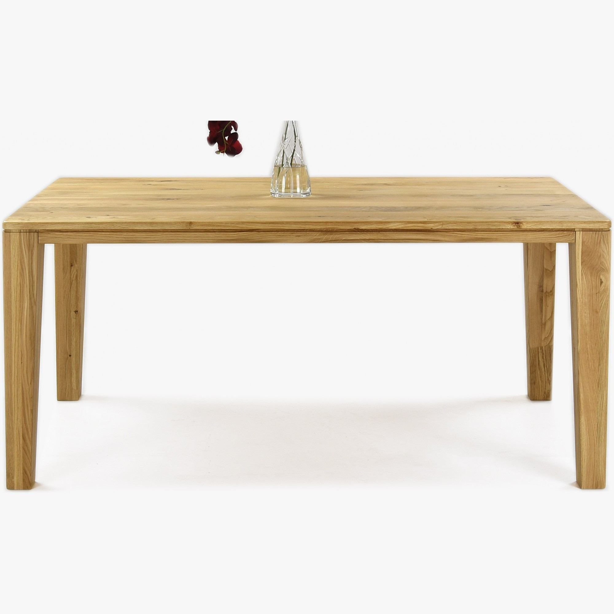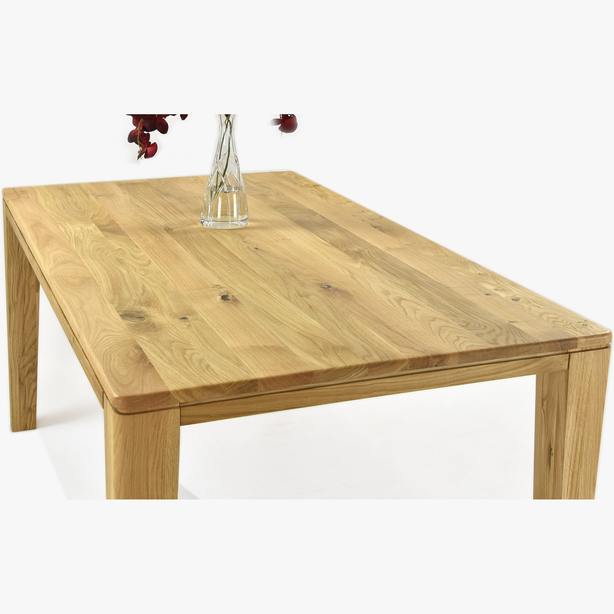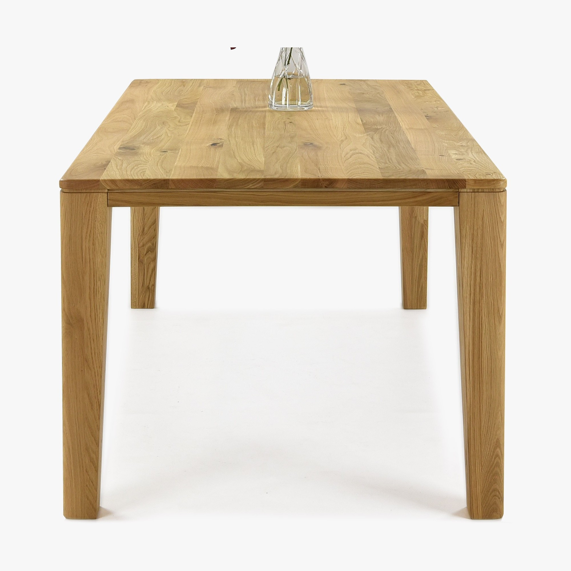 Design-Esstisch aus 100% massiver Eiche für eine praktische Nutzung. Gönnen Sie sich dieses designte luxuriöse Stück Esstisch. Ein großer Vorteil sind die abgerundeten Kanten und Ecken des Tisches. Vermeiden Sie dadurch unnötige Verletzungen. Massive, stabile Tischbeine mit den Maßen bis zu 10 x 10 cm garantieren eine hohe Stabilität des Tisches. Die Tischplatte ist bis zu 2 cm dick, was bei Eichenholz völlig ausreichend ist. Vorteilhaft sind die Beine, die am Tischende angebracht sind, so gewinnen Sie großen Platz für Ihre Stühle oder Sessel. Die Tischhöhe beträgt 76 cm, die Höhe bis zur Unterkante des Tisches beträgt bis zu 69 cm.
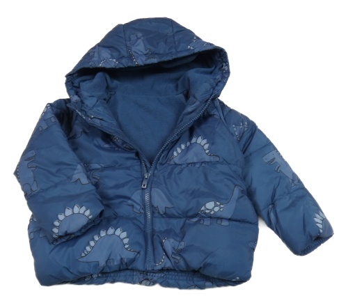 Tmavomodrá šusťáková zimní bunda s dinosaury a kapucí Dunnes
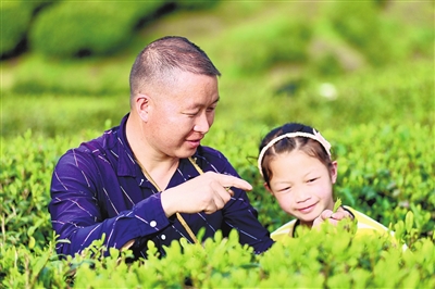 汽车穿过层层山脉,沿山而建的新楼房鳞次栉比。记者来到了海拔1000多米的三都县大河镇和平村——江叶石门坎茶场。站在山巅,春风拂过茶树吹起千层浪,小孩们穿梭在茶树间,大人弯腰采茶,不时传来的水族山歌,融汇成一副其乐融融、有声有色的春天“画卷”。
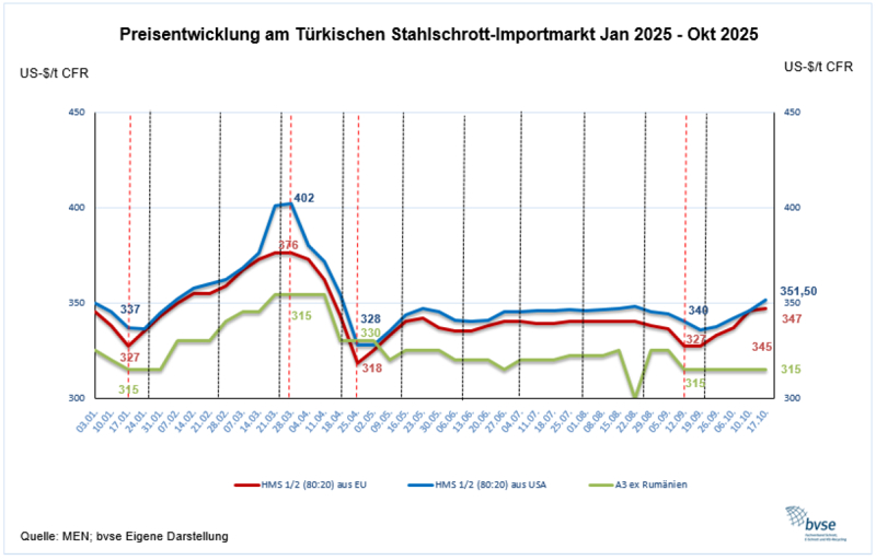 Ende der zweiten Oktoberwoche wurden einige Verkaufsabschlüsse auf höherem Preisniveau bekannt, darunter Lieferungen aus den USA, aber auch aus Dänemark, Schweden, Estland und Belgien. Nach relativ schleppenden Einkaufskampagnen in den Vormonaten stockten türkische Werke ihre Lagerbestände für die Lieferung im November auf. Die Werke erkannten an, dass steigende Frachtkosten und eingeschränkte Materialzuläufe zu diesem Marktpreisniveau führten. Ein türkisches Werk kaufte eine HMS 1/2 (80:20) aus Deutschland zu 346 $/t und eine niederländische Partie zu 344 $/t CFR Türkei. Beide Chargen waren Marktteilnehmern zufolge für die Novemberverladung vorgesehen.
****************
TASK TO COMPLETE:
Pictures stay out; print everything else in the data exactly.

EXERCISE SOLUTION:
 Design-Esstisch aus 100% massiver Eiche für eine praktische Nutzung. Gönnen Sie sich dieses designte luxuriöse Stück Esstisch. Ein großer Vorteil sind die abgerundeten Kanten und Ecken des Tisches. Vermeiden Sie dadurch unnötige Verletzungen. Massive, stabile Tischbeine mit den Maßen bis zu 10 x 10 cm garantieren eine hohe Stabilität des Tisches. Die Tischplatte ist bis zu 2 cm dick, was bei Eichenholz völlig ausreichend ist. Vorteilhaft sind die Beine, die am Tischende angebracht sind, so gewinnen Sie großen Platz für Ihre Stühle oder Sessel. Die Tischhöhe beträgt 76 cm, die Höhe bis zur Unterkante des Tisches beträgt bis zu 69 cm.
 Tmavomodrá šusťáková zimní bunda s dinosaury a kapucí Dunnes
 汽车穿过层层山脉,沿山而建的新楼房鳞次栉比。记者来到了海拔1000多米的三都县大河镇和平村——江叶石门坎茶场。站在山巅,春风拂过茶树吹起千层浪,小孩们穿梭在茶树间,大人弯腰采茶,不时传来的水族山歌,融汇成一副其乐融融、有声有色的春天“画卷”。
 Ende der zweiten Oktoberwoche wurden einige Verkaufsabschlüsse auf höherem Preisniveau bekannt, darunter Lieferungen aus den USA, aber auch aus Dänemark, Schweden, Estland und Belgien. Nach relativ schleppenden Einkaufskampagnen in den Vormonaten stockten türkische Werke ihre Lagerbestände für die Lieferung im November auf. Die Werke erkannten an, dass steigende Frachtkosten und eingeschränkte Materialzuläufe zu diesem Marktpreisniveau führten. Ein türkisches Werk kaufte eine HMS 1/2 (80:20) aus Deutschland zu 346 $/t und eine niederländische Partie zu 344 $/t CFR Türkei. Beide Chargen waren Marktteilnehmern zufolge für die Novemberverladung vorgesehen.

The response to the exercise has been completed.